Continuámos a subir. O pior é que, entretanto, já nem a sinalização dos Trilhos do Pastor encontrávamos. Estávamos oficialmente perdidos. Valeu-nos o Google Maps: identificámos o café mais próximo e ligámos para lá. O senhor que atendeu, simpático e compreensivo, disse que já no dia anterior tinha acontecido o mesmo a um grupo de peregrinos. Felizmente, conhecia a zona como a palma da sua mão e, com as explicações dele, conseguimos retomar o Caminho Poente.
A subida tornou-se de tal modo exigente que começou a assemelhar-se a escalada. Foto © Clara Raimundo/7MARGENS
Com isto, perdemos uma hora e fizemos pelo menos um par de quilómetros extra, precisamente na altura de maior calor. Estávamos aliviados por ter superado o desafio, mas extremamente cansados. Os pés diziam, ou melhor, gritavam, para pararmos. Aí estava ela, a vontade de desistir. Mas o nosso coração – aberto à revelação de um sentido maior – queria continuar: ainda não estava completamente saciada a sua sede.
Prosseguimos, fomo-nos apoiando mutuamente, conversámos sobre como peregrinar é também isto: aceitar que as dores fazem parte do caminho, tal como na vida. Por vezes, andarmos um pouco (ou totalmente) perdidos. E é também descobrir, nos momentos mais difíceis, uma força que não é nossa. E algo, ou alguém, que nos ajuda a encontrar o rumo.
Peregrinar é também descobrir, nos momentos mais difíceis, uma força que não é nossa. E algo, ou alguém, que nos ajuda a encontrar o rumo. Foto © Clara Raimundo/7MARGENS
Os últimos quilómetros pareceram mais longos que todos os outros.

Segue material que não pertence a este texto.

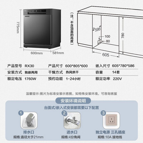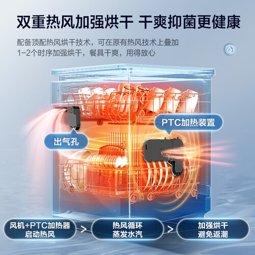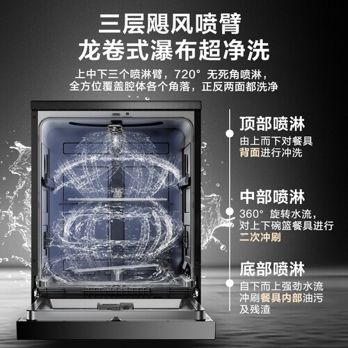 双重热风烘干技术,餐具整洁不返潮。三层立体喷淋系统,提供强劲水流冲刷,提高清洁效率。支撑脚可调节,独嵌两用适合各种户型。
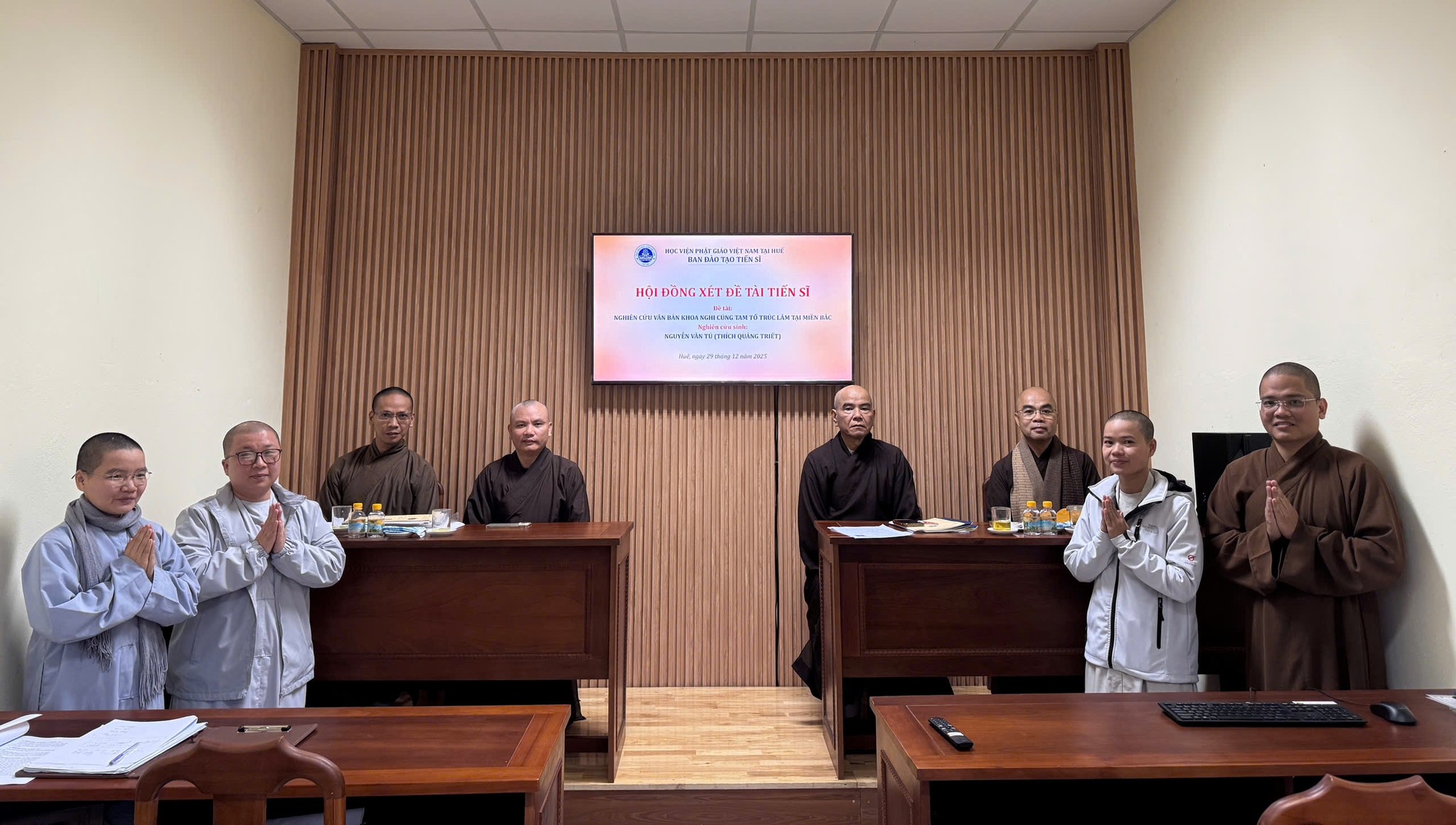 Sáng 29/12/2025 tại Học viện PGVN tại Huế (phường An Cựu, Huế); Ban Thực hiện đào tạo Tiến sĩ tại Học viện tiếp tục tổ chức bảo vệ đề tài cho 04 Nghiên cứu sinh Tiến sĩ.
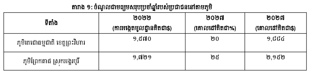 ប្រាក់ចំណូលសរុបប្រចាំឆ្នាំជាមធ្យមរបស់គ្រួសារនឹងកើនឡើង២០% នៅក្នុងភូមិតេជោធម្មជាតិ និង២៥% នៅភូមិព្រែកតាភោ។ ការស្ទង់មតិ (baseline survey)លើប្រាក់ចំណូលសរុបគ្រួសារប្រចាំឆ្នាំរបស់ភូមិនានា នៅក្នុងភូមិតេជោធម្មជាតិក្នុងឆ្នាំ ២០២០ មានចំនួន ១.៥៧០ ដុល្លារ និងនៅភូមិព្រែកតាផ ស្រុកអង្គរបូរី ចំនួន ១.៧២១ ដុល្លារ។ ការកើនឡើង២០% នៅក្នុងភូមិតេជោធម្មជាតិ នឹងមានចំនួន ៣១៤ដុល្លារនៅឆ្នាំ២០២៧ ដូច្នេះប្រាក់ចំណូលសរុបគ្រួសារប្រចាំឆ្នាំរបស់អ្នកភូមិនឹងមានចំនួន ១,៨៨៤ដុល្លារ ខណៈដែលការកើនឡើង២៥% នៅក្នុងភូមិព្រែកតាផនឹងមានចំនួន៤៣០ ដុល្លារនៅឆ្នាំ២០២៧ ដូច្នេះប្រាក់ចំណូលសរុបគ្រួសារប្រចាំឆ្នាំសរុបរបស់អ្នកភូមិនឹងមានចំនួន ២ ១៥២ ដុល្លារ។

Chegámos a Fátima já passava das cinco da tarde. E quando entrámos no Santuário, as dores, por momentos, desapareceram. O coração exultou de gratidão pela oportunidade de ter caminhado, alegrou-se na superação de ter chegado à meta, encheu-se de esperança e confiança para o regresso a casa. Numa espécie de flashback, olhei para trás e percebi que já não éramos os mesmos que se tinham posto ao caminho, apenas um dia antes, junto ao mar da Nazaré. Já sentia saudades dos momentos que tínhamos vivido – até dos mais difíceis – e encarava com um olhar renovado os desafios que tínhamos pela frente.

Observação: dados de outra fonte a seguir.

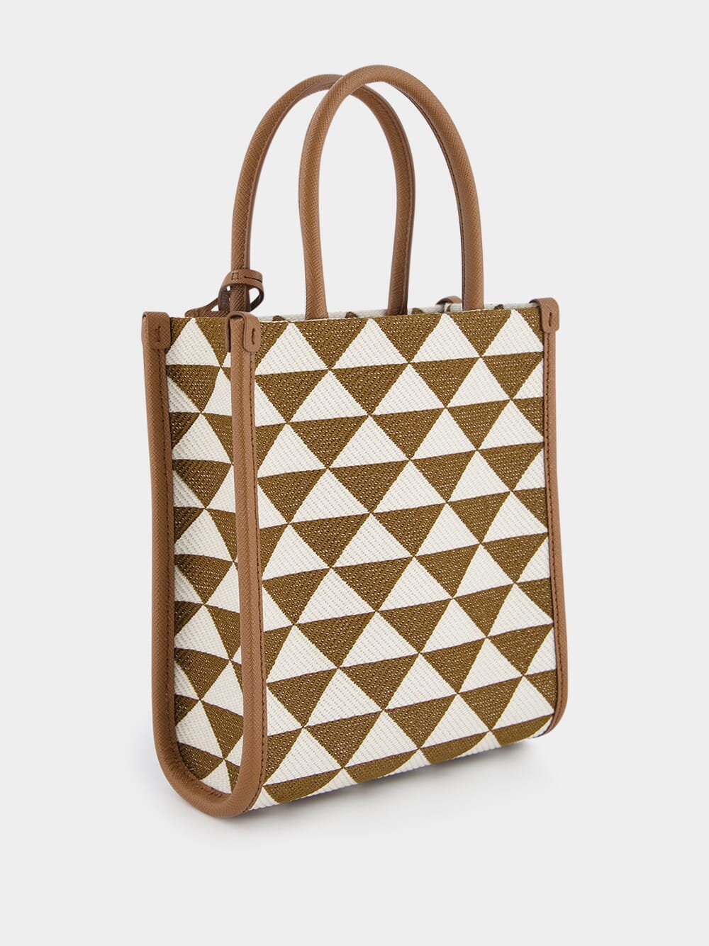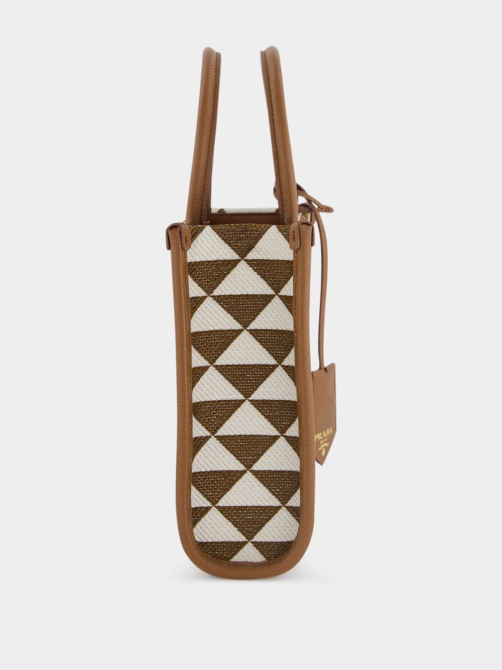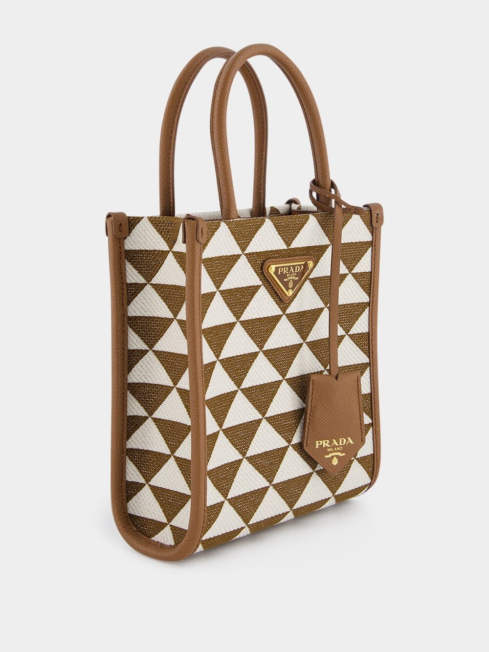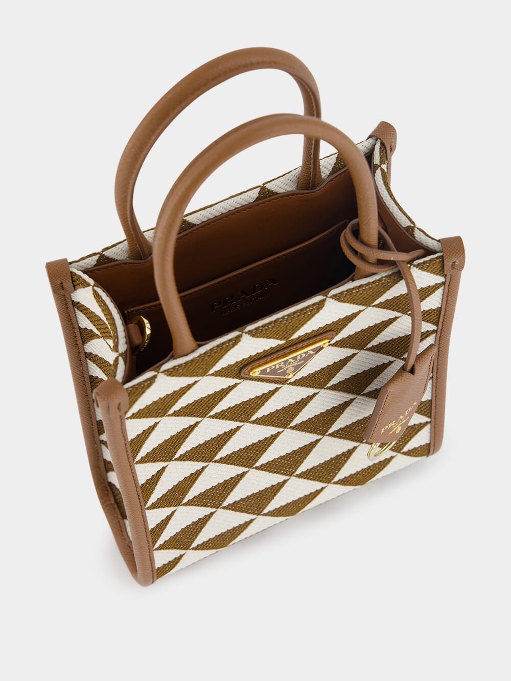 Symbole Embroidered Fabric Mini Bag, a perfect blend of style and functionality. Crafted with exquisite attention to detail, this bag features Saffiano leather details, adding a touch of elegance to its design. The Saffiano leather handles ensure a comfortable grip, while the detachable and adjustable 110 cm Saffiano leather shoulder strap offers versatile carrying options. The bag comes with a removable leather keychain, adding a personalized touch. With its metal hardware and enameled metal triangle logo on the front, this bag exudes sophistication. Inside, you'll find the iconic Prada logo-print nylon lining, accompanied by a convenient patch pocket.

As dores regressaram – estiveram sempre lá – e duraram mais de uma semana, mas senti-las passou a ser uma experiência agridoce: no desconforto que geravam, traziam-me à memória aquele caminho tão belo.
E agora?
Agora, depois de ter rezado com os pés – a minha forma preferida de oração –, rezo a cantar, como sugeria Santo Agostinho.

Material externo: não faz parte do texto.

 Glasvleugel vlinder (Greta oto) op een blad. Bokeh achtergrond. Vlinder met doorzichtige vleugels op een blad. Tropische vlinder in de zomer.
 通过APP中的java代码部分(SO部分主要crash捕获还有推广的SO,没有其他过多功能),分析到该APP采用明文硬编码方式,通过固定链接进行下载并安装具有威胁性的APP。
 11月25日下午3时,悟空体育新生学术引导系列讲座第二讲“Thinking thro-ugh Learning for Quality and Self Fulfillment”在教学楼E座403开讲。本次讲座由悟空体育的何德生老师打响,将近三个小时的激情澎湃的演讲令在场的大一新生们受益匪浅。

Escolho a oração de Santo Inácio:
Tomai, Senhor, e recebei
toda a minha liberdade,
a minha memória e o meu entendimento,
toda a minha vontade,
e tudo o que eu possuo;
Vós mo destes;
a Vós, o restituo.
Tudo é vosso,
disponde.
Pela Vossa bondade.
Dai-me apenas Senhor.
O Vosso Amor e Graça,
que isso me basta.
Texto redigido por Clara Raimundo/jornal 7Margens, ao abrigo da parceria com a Fátima Missionária.